## ABOUT THIS EXERCISE
Copy out exactly the lines spanning the line with "本番DBから定期的にコピーを作成し、一箇所に集める環境を構築する 分析用データ基盤の構築 11" to the line with "由于以上种种原因导致政府配送", inclusive, from the data underneath, with no pictures.

## EXTRACTED INFORMATION
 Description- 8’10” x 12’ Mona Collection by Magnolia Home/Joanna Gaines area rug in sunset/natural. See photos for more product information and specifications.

--

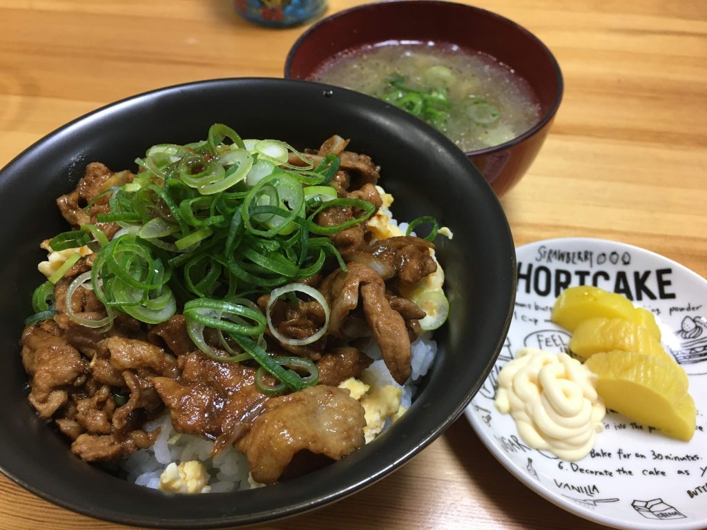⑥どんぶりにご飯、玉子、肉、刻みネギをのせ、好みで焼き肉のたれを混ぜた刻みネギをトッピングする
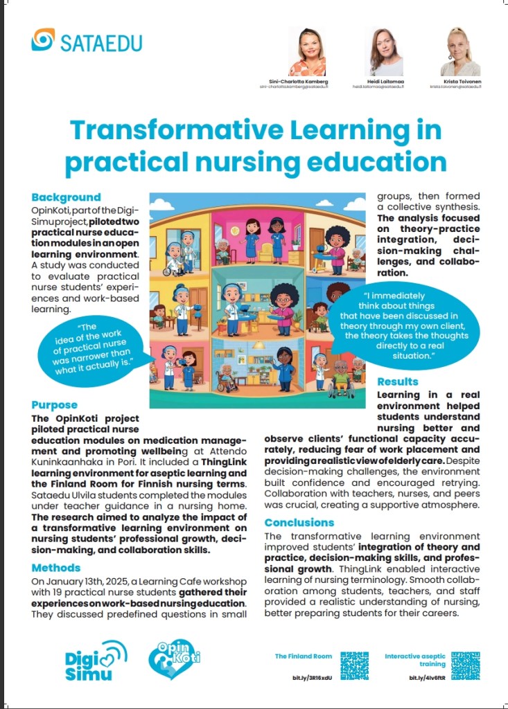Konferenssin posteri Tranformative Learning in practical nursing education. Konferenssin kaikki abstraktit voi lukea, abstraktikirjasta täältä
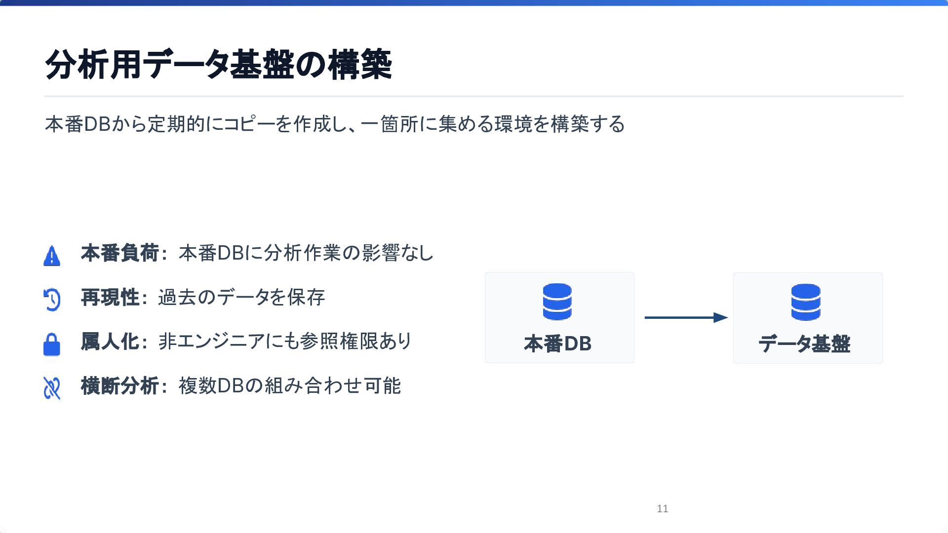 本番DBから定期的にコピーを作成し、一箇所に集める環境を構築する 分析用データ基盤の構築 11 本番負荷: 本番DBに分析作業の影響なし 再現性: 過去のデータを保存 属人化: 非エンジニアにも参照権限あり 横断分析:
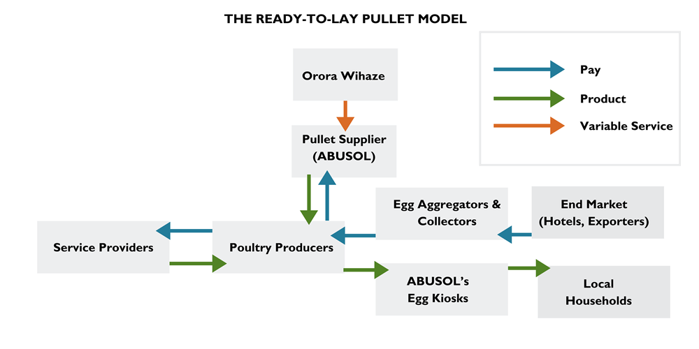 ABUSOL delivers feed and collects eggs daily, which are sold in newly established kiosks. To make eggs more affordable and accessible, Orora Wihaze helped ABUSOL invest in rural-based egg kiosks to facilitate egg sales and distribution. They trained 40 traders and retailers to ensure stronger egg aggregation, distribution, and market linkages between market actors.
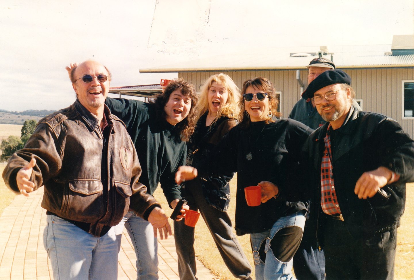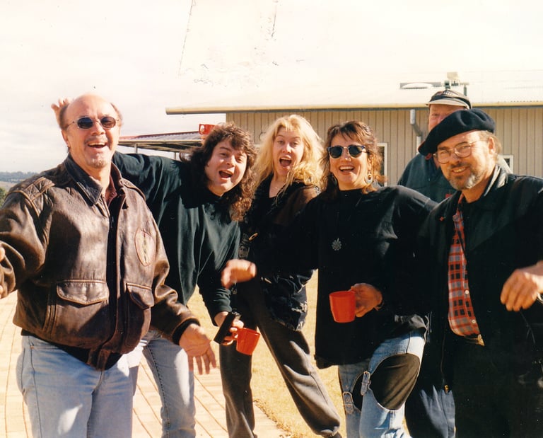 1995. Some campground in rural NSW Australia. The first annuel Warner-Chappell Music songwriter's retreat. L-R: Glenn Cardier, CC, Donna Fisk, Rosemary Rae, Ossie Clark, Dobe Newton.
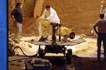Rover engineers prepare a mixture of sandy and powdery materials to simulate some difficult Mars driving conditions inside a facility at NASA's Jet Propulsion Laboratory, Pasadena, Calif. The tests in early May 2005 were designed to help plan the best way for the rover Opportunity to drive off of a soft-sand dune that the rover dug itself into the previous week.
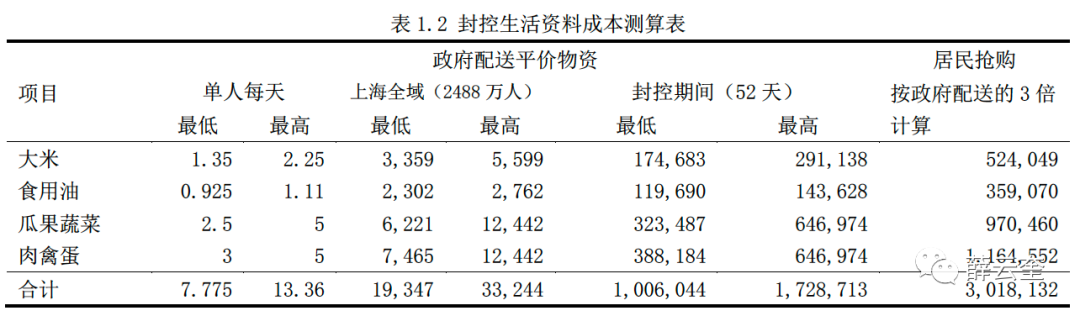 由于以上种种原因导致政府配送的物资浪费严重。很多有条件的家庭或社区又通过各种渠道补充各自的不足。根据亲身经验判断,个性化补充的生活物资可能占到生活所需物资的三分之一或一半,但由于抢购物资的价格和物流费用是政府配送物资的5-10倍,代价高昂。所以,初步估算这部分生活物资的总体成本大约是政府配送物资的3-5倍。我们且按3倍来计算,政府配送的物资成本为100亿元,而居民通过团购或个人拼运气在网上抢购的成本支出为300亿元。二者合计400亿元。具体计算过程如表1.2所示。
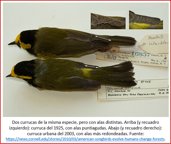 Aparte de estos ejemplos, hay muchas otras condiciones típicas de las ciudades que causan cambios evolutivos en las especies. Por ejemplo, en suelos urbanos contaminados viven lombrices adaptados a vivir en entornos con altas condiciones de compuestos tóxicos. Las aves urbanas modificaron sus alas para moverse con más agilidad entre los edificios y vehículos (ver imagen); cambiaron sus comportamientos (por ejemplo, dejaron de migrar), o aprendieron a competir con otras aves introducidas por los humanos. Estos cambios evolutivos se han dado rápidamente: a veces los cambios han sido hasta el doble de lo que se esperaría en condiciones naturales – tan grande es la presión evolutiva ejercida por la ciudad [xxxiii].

## REPLY
 本番DBから定期的にコピーを作成し、一箇所に集める環境を構築する 分析用データ基盤の構築 11 本番負荷: 本番DBに分析作業の影響なし 再現性: 過去のデータを保存 属人化: 非エンジニアにも参照権限あり 横断分析:
 ABUSOL delivers feed and collects eggs daily, which are sold in newly established kiosks. To make eggs more affordable and accessible, Orora Wihaze helped ABUSOL invest in rural-based egg kiosks to facilitate egg sales and distribution. They trained 40 traders and retailers to ensure stronger egg aggregation, distribution, and market linkages between market actors.
 1995. Some campground in rural NSW Australia. The first annuel Warner-Chappell Music songwriter's retreat. L-R: Glenn Cardier, CC, Donna Fisk, Rosemary Rae, Ossie Clark, Dobe Newton.
Rover engineers prepare a mixture of sandy and powdery materials to simulate some difficult Mars driving conditions inside a facility at NASA's Jet Propulsion Laboratory, Pasadena, Calif. The tests in early May 2005 were designed to help plan the best way for the rover Opportunity to drive off of a soft-sand dune that the rover dug itself into the previous week.
 由于以上种种原因导致政府配送的物资浪费严重。很多有条件的家庭或社区又通过各种渠道补充各自的不足。根据亲身经验判断,个性化补充的生活物资可能占到生活所需物资的三分之一或一半,但由于抢购物资的价格和物流费用是政府配送物资的5-10倍,代价高昂。所以,初步估算这部分生活物资的总体成本大约是政府配送物资的3-5倍。我们且按3倍来计算,政府配送的物资成本为100亿元,而居民通过团购或个人拼运气在网上抢购的成本支出为300亿元。二者合计400亿元。具体计算过程如表1.2所示。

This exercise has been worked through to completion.